=== Material supplied ===
◇ ◇ ◇ ◇ ◇
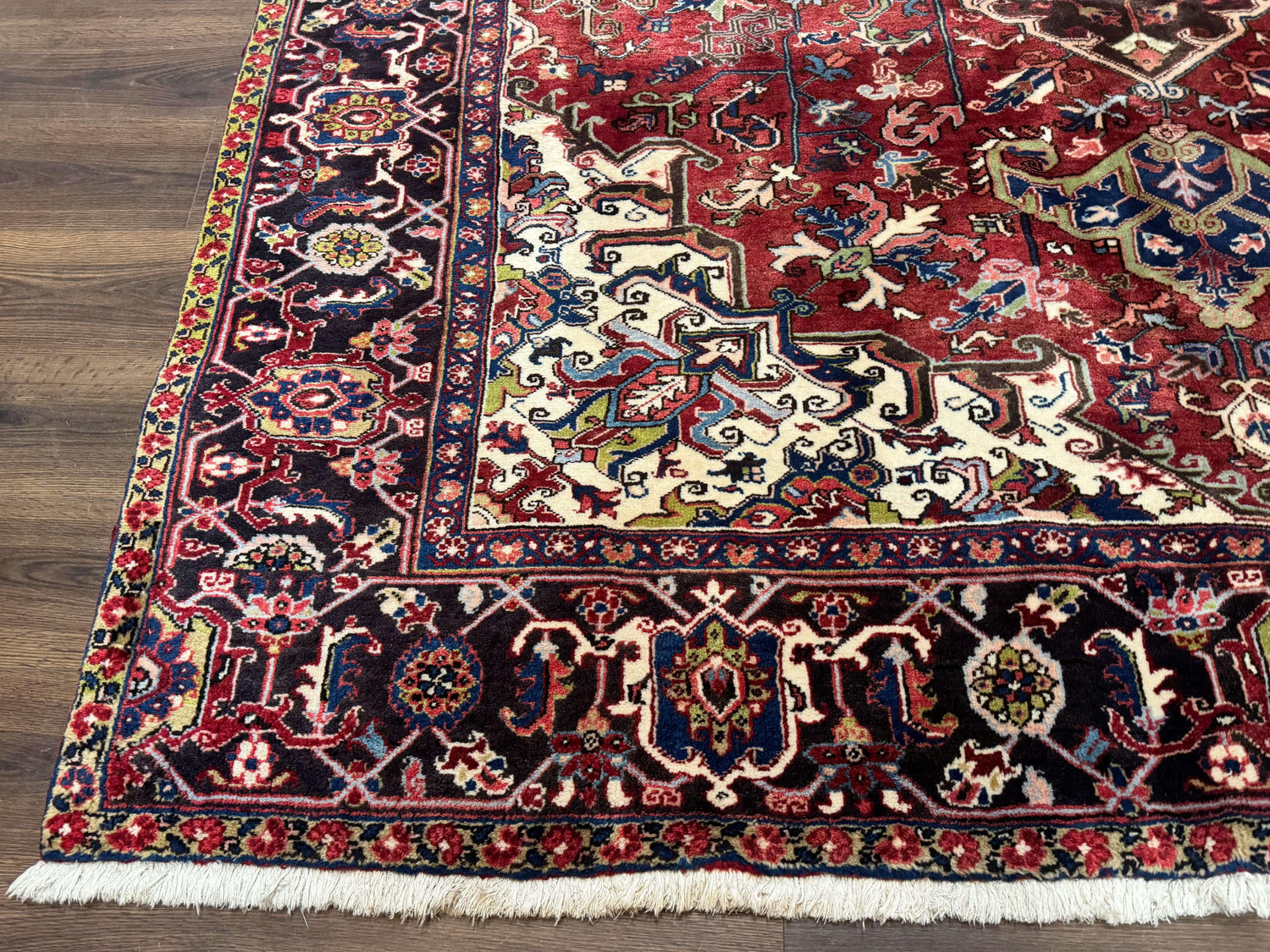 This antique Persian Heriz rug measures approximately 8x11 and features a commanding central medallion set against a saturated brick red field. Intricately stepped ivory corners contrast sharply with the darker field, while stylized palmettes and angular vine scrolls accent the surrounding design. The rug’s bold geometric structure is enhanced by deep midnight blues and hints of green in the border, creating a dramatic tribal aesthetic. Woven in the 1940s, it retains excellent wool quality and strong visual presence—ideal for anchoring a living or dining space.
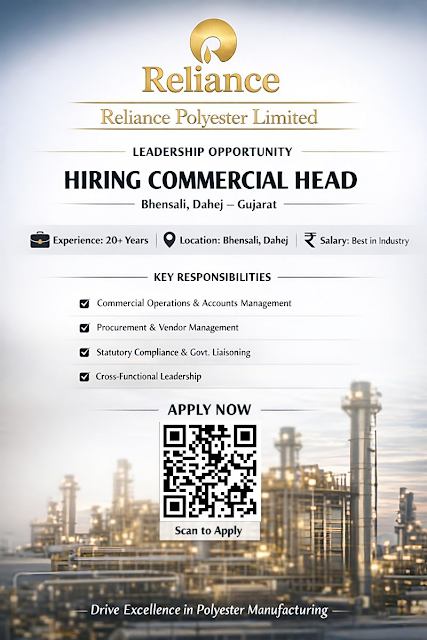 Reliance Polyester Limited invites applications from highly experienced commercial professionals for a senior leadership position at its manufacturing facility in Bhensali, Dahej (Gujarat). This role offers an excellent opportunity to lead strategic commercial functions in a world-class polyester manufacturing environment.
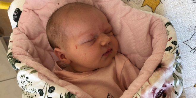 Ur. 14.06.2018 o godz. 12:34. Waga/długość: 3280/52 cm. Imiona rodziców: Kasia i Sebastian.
◇ ◇ ◇ ◇ ◇
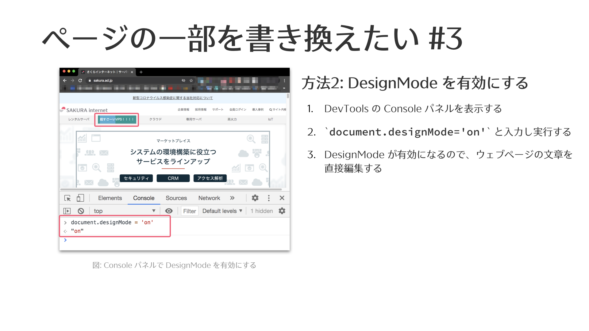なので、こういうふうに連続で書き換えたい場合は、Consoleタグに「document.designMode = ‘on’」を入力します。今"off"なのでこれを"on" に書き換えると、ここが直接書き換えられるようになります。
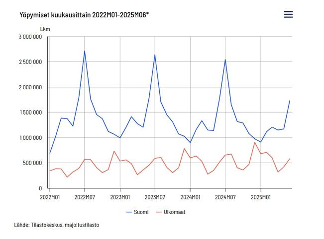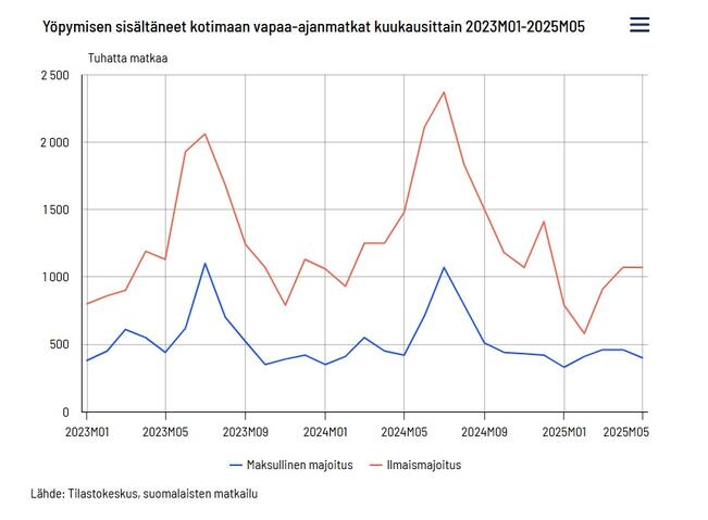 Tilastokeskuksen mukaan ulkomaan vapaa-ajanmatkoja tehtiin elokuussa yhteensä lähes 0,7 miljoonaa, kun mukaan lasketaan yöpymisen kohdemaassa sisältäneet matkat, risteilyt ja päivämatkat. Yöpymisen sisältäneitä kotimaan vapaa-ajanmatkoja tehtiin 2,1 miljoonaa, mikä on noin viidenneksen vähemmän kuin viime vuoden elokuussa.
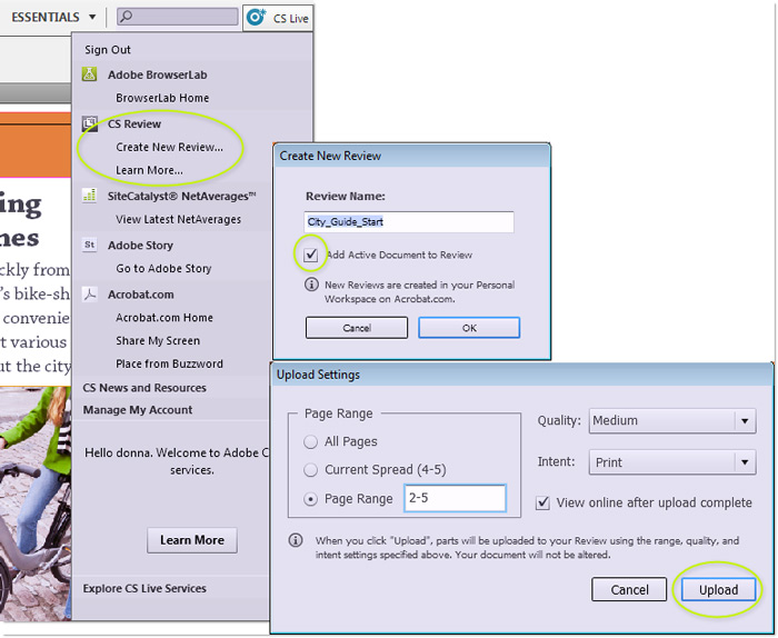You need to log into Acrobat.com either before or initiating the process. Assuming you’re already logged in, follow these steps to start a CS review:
◇ ◇ ◇ ◇ ◇
=== Directions for this task ===
Output only the lines above from the line that holds "Tilastokeskuksen mukaan ulkomaan" through the line that holds "You need to", both ends included, and exclude pictures.

=== Solution to the problem ===
 Tilastokeskuksen mukaan ulkomaan vapaa-ajanmatkoja tehtiin elokuussa yhteensä lähes 0,7 miljoonaa, kun mukaan lasketaan yöpymisen kohdemaassa sisältäneet matkat, risteilyt ja päivämatkat. Yöpymisen sisältäneitä kotimaan vapaa-ajanmatkoja tehtiin 2,1 miljoonaa, mikä on noin viidenneksen vähemmän kuin viime vuoden elokuussa.
You need to log into Acrobat.com either before or initiating the process. Assuming you’re already logged in, follow these steps to start a CS review:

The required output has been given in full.